Against a really talented network engineer, we won’t get everything, but we might get enough. Although we won’t delve too deeply into the concepts of ports and communication protocols, it is important to understand not only the protocol structures, but also how the tools use (or misuse) the protocols to communicate with the target.
We discuss different scanning techniques and protocols to determine if a system is available, and how the system is communicating. Our work during the Information Gathering phase may have provided us with some idea of systems, applications, and OSes within the target network; however, we need to delve deeper.
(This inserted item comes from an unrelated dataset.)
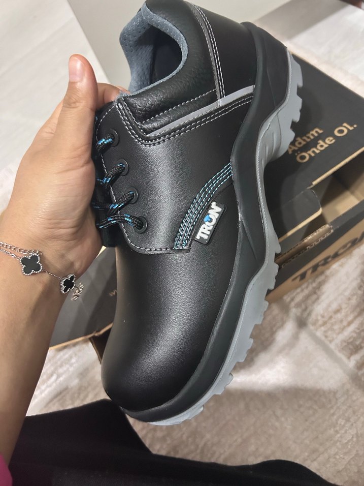 Siyah ve gri renkte, kauçuk tabanlı bağcıklı erkek outdoor ayakkabısı. Sıfır. Sadeçe iç kısmı yok süngeri o yüzden 1000 tl fiyata yardımçı olurum yine. Kışlık içinde uygun ayakabı

The first step in this phase is often to scan the network to identify all available systems. In this chapter, instead of exploring the entire network, we will immediately proceed to scan for a specific target. Ultimately, passive scanning techniques are used to identify all systems on the network, but the real purpose of this chapter is to identify potential vulnerabilities.
How a network engineer uses ports to diagnose and solve network problems
Ports are a key part of the network infrastructure. As a network engineer, you use ports to diagnose and solve network problems. Ports can be used to verify connectivity, identify problems, and optimize your network. Here are some tips for using ports:
- Use port numbers wisely. Port numbers are important, but make sure you use them correctly. Port numbers start with 0 and increase by 1 for each additional port on your computer. For example, the default port number for internet traffic is 80. To troubleshoot internet problems, you might need to use ports 443 (SSL) or 8080 (HTTP).
- Use common port numbers for standard tasks. Standard ports are often used for common tasks like browsing the web or sending email.
How networking technology reflects your organization
Networking technology reflects your organization in a number of ways. For one, ports are often used to diagnose network issues. Network engineers use ports to see what traffic is flowing and where it’s going, which can help them identify and fix problems.
In addition, networking technology also affects how information is shared within an organization. For example, if an organization uses Ethernet networks, then employees will likely need adapters to connect to the network. If an organization uses wireless networks, then employees might not need any adapters at all.
In conclusion, as a network engineer it is important to be aware of the latest networking technology so that you can identify vulnerabilities. By taking the time to learn about new networking technologies, you can help keep your network safe and secure.